10. It appears LogInOut is leaving the multi-language notice on the seats of cars destined for America that indicates we'd like to keep our plates. There was a stack of them on the desk inside LogInOut.


----------



## bruza (Sep 3, 2010)

:rofl: Sounds like we were both in Europe at roughly the same time. I should've contacted you all (since it sounds like you guys def had more fun).


----------



## dima123 (Jul 7, 2005)

Love the Color might be my next car!!! With a red interior. Enjoy Europe!!


----------



## Gluhwein (Aug 21, 2011)

Even though I'll be heading over there in two months, I am really jealous of your car. It looks gorgeous, especially after you washed it.


----------



## F32 N55 (Jun 12, 2014)

FlyingLow78 said:


> 8. I sped at least a bit pretty much everywhere (although not as badly in the Netherlands and Austria) and I expect some tickets in a few weeks. Since I go to Europe a couple times a year I'll have to pay.

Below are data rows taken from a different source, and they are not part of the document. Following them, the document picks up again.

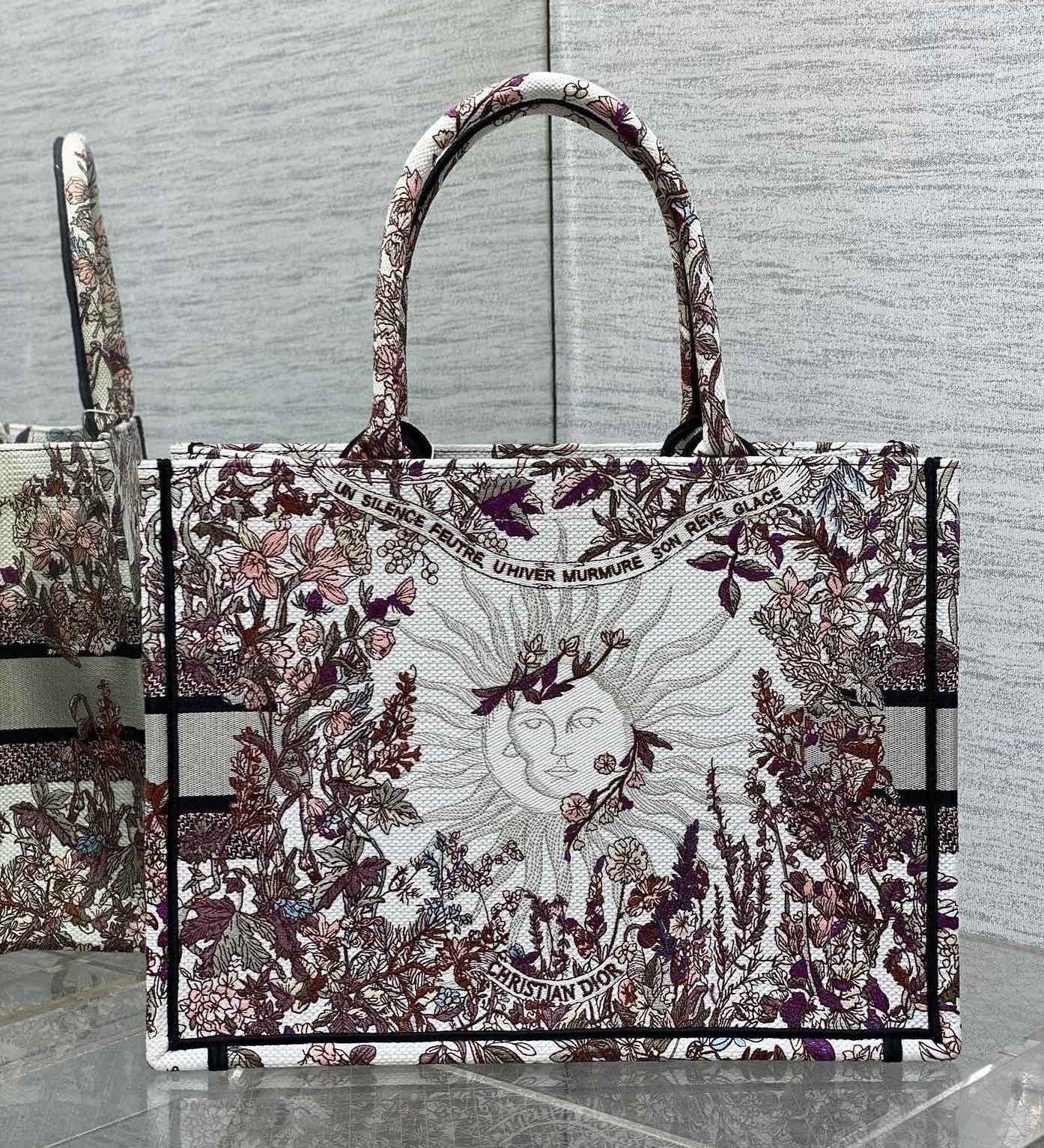 Dior Medium Book Tote Bag in Dior 4 Saisons Hiver Soleil Embroidery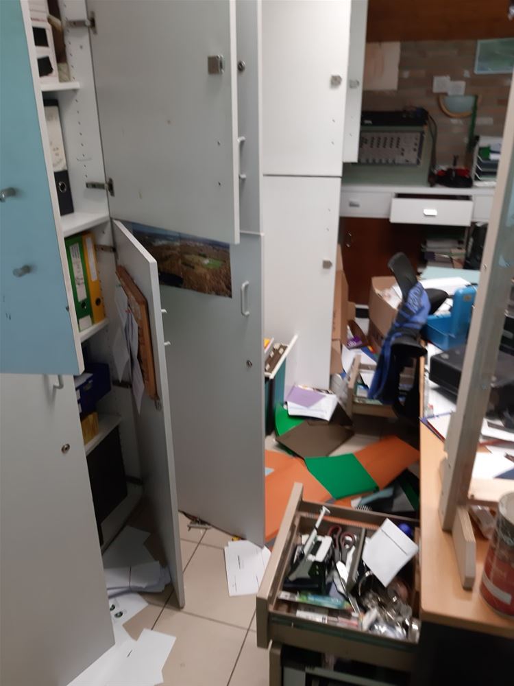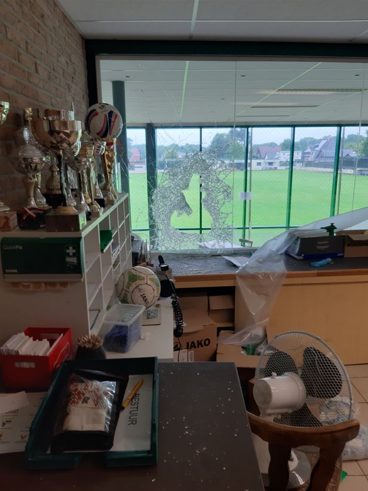 Inbrekers zijn binnengedrongen in de kantine van SK Heusden 06 aan de Noordberm. Ze waren blijkbaar op zoek naar geld want ze hebben alles overhoop gehaald. Buit hebben ze niet kunnen maken, want in geen enkel lokaal wordt geld achtergelaten. Ze zorgden wel voor een enorme ravage, deuren werden opengebroken, glas gebroken en ook het secretariaat is helemaal overhoop gehaald. Vermoedelijk is de inbraak afgelopen nacht gebeurd.70013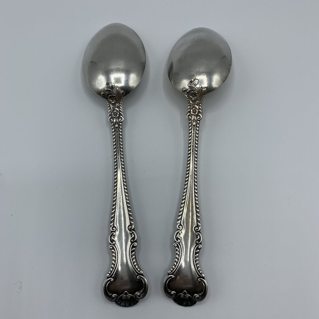 Stunning and ornate set/2 antique sterling serving spoons made by The Alvin Silver Company in the early 1900s. The pattern is called “Cambridge” and it features a beautiful floral design with rope detailing on the border of the spoons. One of the spoons is engraved with the letter “E.”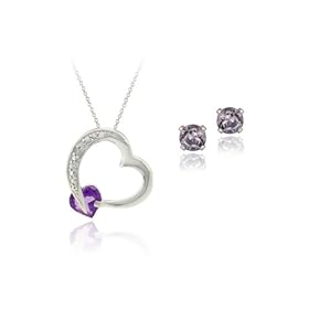 Sterling Silver Amethyst & Diamond Accent Floating Heart Pendant and Earrings Set: Jewelry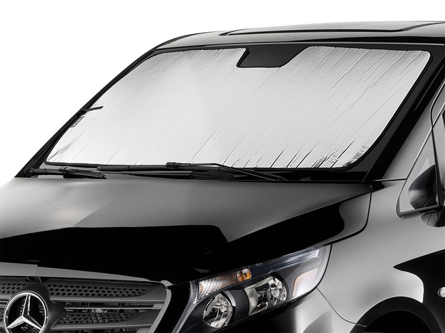 The WeatherTech SunShade is a custom-fit, dual-purpose windshield sunshade designed to help keep your vehicle’s interior temperatures controlled throughout the year. Crafted with a reflective silver exterior and a soft felt interior, it is engineered to protect the dashboard and interior surfaces from sun damage and reduce heat buildup. Purpose: Summer: Reflects intense sunlight to keep the interior cool and reduce dashboard fade or cracking. Winter: Acts as an insulating barrier, helping to block cold air and frost from building up on the inside of the windshield. Year-round interior protection from UV rays, heat damage, and temperature swings. Ideal Use: Daily drivers who park outdoors regularly. Vehicles exposed to direct sunlight for extended periods (work sites, airport parking, street parking). People living in extreme climates—both hot summers and cold winters. Ideal for those who want to preserve the resale value of their vehicle by protecting the dash and interior trim. Added Features: Custom-fit to your specific make and model for maximum coverage and effectiveness. Dual-purpose design: Reflective silver side for hot weather, black felt side for cold conditions. Durable construction using high-quality materials that resist wear and tear. Rolls up easily for convenient storage with an optional hook-and-loop strap. Reversible depending on seasonal needs. Made in the USA for most applications.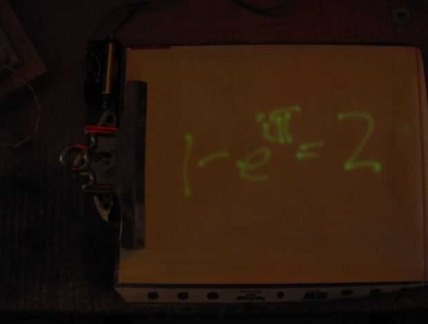 Dijo "simplemente" tomar una foto de ella, y casi es simple, casi. La cámara tiene que celebrarse aún utilizando un trípode. Yo también uso una fuente de luz roja inicialmente a la cámara obtener algo para su automática enfoque en. Tenga en cuenta que por razones anteriormente, luz roja no mata el doodle. Yo también uso la función de temporizador de cuenta atrás de la cámara para que mis manos son libres de doodle durante diez segundos o así.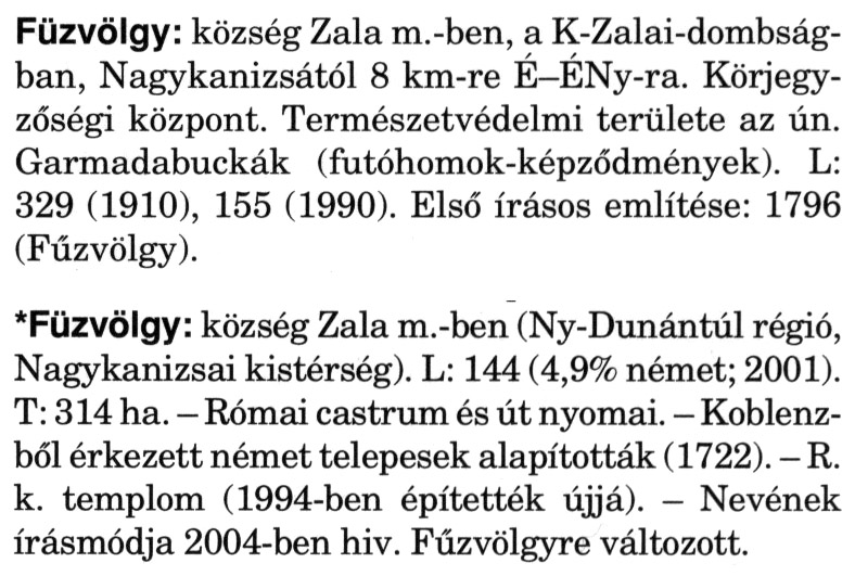 Nyilvános 2246 | 6137 | A szócikkek felismertetett szövege: | (A csillag után a kiegészítő kötetből származó szöveg következik) Füzvölgy: község Zala m.-ben, a K-Zalai-dombság-ban, Nagykanizsától 8 km-re É-ÉNy-ra. Körjegyzőségi központ. Természetvédelmi területe az ún. Garmadabuckák (futóhomok-képződmények). L: 329 (1910), 155 (1990). Első írásos említése: 1796 (Fűzvölgy). *Füzvölgy: község Zala m.-ben (Ny-Dunántúl régió, Nagykanizsai kistérség). L: 144 (4,9% német; 2001). T: 314 ha. - Római castrum és út nyomai. - Koblenz-ből érkezett német telepesek alapították (1722). - R. k. templom (1994-ben építették újjá). - Nevének írásmódja 2004-ben hiv. Fűzvölgyre változott. A szócikkek a következő lexikonból származnak: Cím: Magyar nagylexikon Közreműködő: Élesztős László (1949) (szerk.) ; Barabás Éva (1943) (szerk.) ; Berényi Gábor (1946) (szerk.) ; Bárány Lászlóné (szerk.) ; Adelmann-né Kertész Judit (1945) (közrem.) ; Froemel Károlyné Jáky Éva (1936) (közrem.) ; Akadémiai Kiadó és Nyomda Vállala Szerz. közl.: [... Élesztős László főszerk.] ; [szerk. Barabás Éva et al.] ; [bibliogr. Adelmanné Kertész Judit] ; [kész. az Akadémiai Kiadó Magyar Nagylexikon Szerkesztőségében] Kiadás: Budapest : Akad. K., 1993- Kötetei: 1. köt., A - Anc 2. köt., And - Bag 3. köt., Bah - Bij 4. köt., Bik - Bz 5. köt., C - Csem 6. köt., Csen - Ec 7. köt., Ed - Fe 8. köt., Ff - Gyep 9. köt., Gyer - Iq 10. köt., Ir - Kip 11. köt., Kir - Lem 12. köt., Len - Mep 13. köt., Mer - Nyk 14. köt., Nyl - Pom 15. köt., Pon - Sek 16. köt., Sel - Szö 17. köt., Szp - Ung 18. köt., Unh - Z 19. köt., Kiegészítő kötet, A - Z ETO jelzet: 030=945.11 Szakjelzet: 030 Cutter: M 14 ISBN: 963-05-6611-7 [!ISBN 963-05-6615-X] Nyelv: magyar Megjegyzés: Az 5. kötettől kiad. a Magyar Nagylexikon Kiadó ; A 6. kötettől főszerk. Berényi Gábor ; A 6. kötettől szakszerk. Bárány Lászlóné et al. ; A 6. kötettől bibliogr. Froemel Károlyné ; Bibliogr. a szócikkek végén |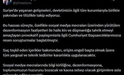 Tunç, suç teşkil eden içeriklere karşı erişim engeli başta olmak üzere her türlü adli ve teknik tedbirlerin kararlılıkla uygulanacağını vurguladı. "Sosyal medya mecralarında bilgi kirliliğine, dezenformasyona, toplumumuzun huzurunu bozacak ve kaosa sebep olacak girişimlere asla müsaade edilmeyecektir" ifadesini kullandı.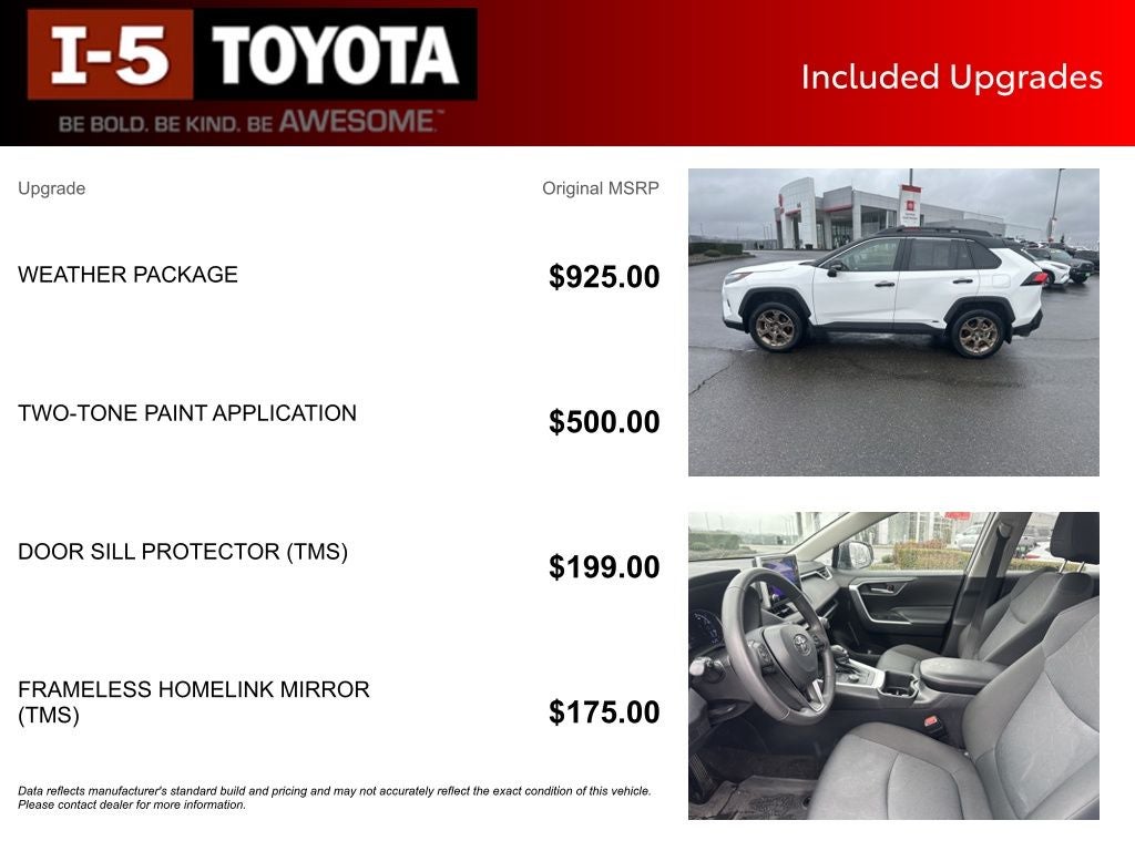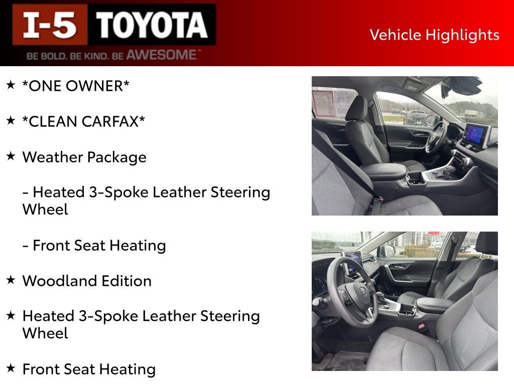 I-5 Cars has been Family Owned & Operated since 2001, providing our community with quality pre-owned vehicles and exceptional customer service.This stunning 2025 Toyota RAV4 Hybrid Woodland Edition is a true standout in our inventory. Boasting a clean CARFAX and single-owner history, this well-maintained SUV is ready to take you on your next adventure. Let's explore the features that make this RAV4 Hybrid Woodland Edition a must-have.- One Owner- Clean CARFAX- Weather Package (Heated Steering Wheel, Front Seat Heating)- Two-Tone Paint Application (Roof and Pillar Stripe)- Door Sill Protectors- Frameless HomeLink MirrorThe Woodland Edition of the RAV4 Hybrid adds a touch of rugged sophistication to this versatile SUV. With its all-wheel drive capabilities and impressive fuel efficiency, you'll enjoy a seamless blend of capability and eco-consciousness. The 2.5L 4-cylinder hybrid powertrain delivers an exceptional 38 MPG in the city and 35 MPG on the highway, making it an ideal choice for your daily commute and weekend getaways.Slip into the driver's seat and experience the comfort and convenience of the RAV4 Hybrid Woodland Edition. The heated steering wheel and front seats will keep you cozy on chilly mornings, while the two-tone paint application and door sill protectors add a unique and stylish flair. The frameless HomeLink mirror provides a sleek, integrated look, elevating the overall interior design.Beyond the premium features, this RAV4 Hybrid Woodland Edition is packed with a wealth of advanced technologies and safety systems. Enjoy the convenience of the rearview camera, automatic climate control, and keyless entry, all while knowing you're protected by the comprehensive suite of airbags and electronic stability control.Whether you're embarking on outdoor adventures or navigating the daily commute, this 2025 Toyota RAV4 Hybrid Woodland Edition is the perfect companion. Its exceptional fuel efficiency, versatile capabilities, and premium amenities make it a standout choice in the competitive SUV market.I encourage you to schedule a test drive and experience the exceptional quality and value of this remarkable vehicle. At I-5 Cars, we are committed to providing our customers with the best possible purchasing experience. Let us demonstrate how this 2025 Toyota RAV4 Hybrid Woodland Edition can elevate your driving experience.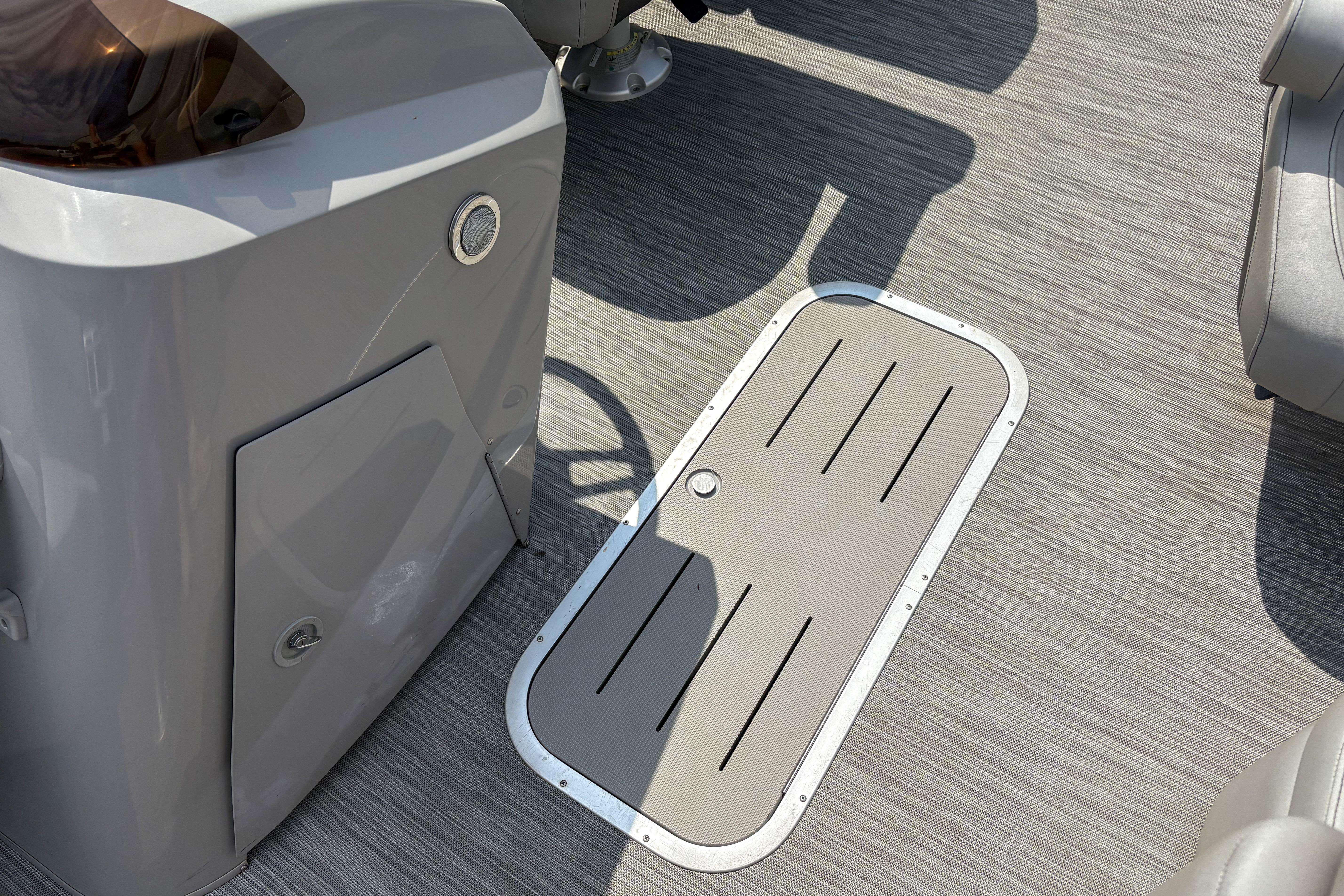 Stylish helm: reclining chair, custom gauges (fuel, tachometer, trim), low-profile windshield.

Just paid my own Switzerland speed camera ticket. $760 USD.


----------



## Gary J (Dec 18, 2013)

Does it go by how much over the limit? That's a bit steep.


----------



## Fairfield1285 (Sep 8, 2014)

*Congrats!*

I was searching through the forums to find out how long my 335i xDrive would sit at the Munich Airport drop off and found your post. Thats my 335i xDrive next to your M3! I dropped it off 12/3, Wednesday morning at 9AM. :beerchug:


----------



## rmorin49 (Jan 7, 2007)

Awesome car, great trip, nice pics. Thanks for posting.


----------



## need4speed (May 26, 2006)

All well that ends at the Welt! N4S


----------



## visi107 (Mar 20, 2013)

Regarding your winter tires, did you rent them there or did you order the car with winter tires and it was delivered to US that way.


----------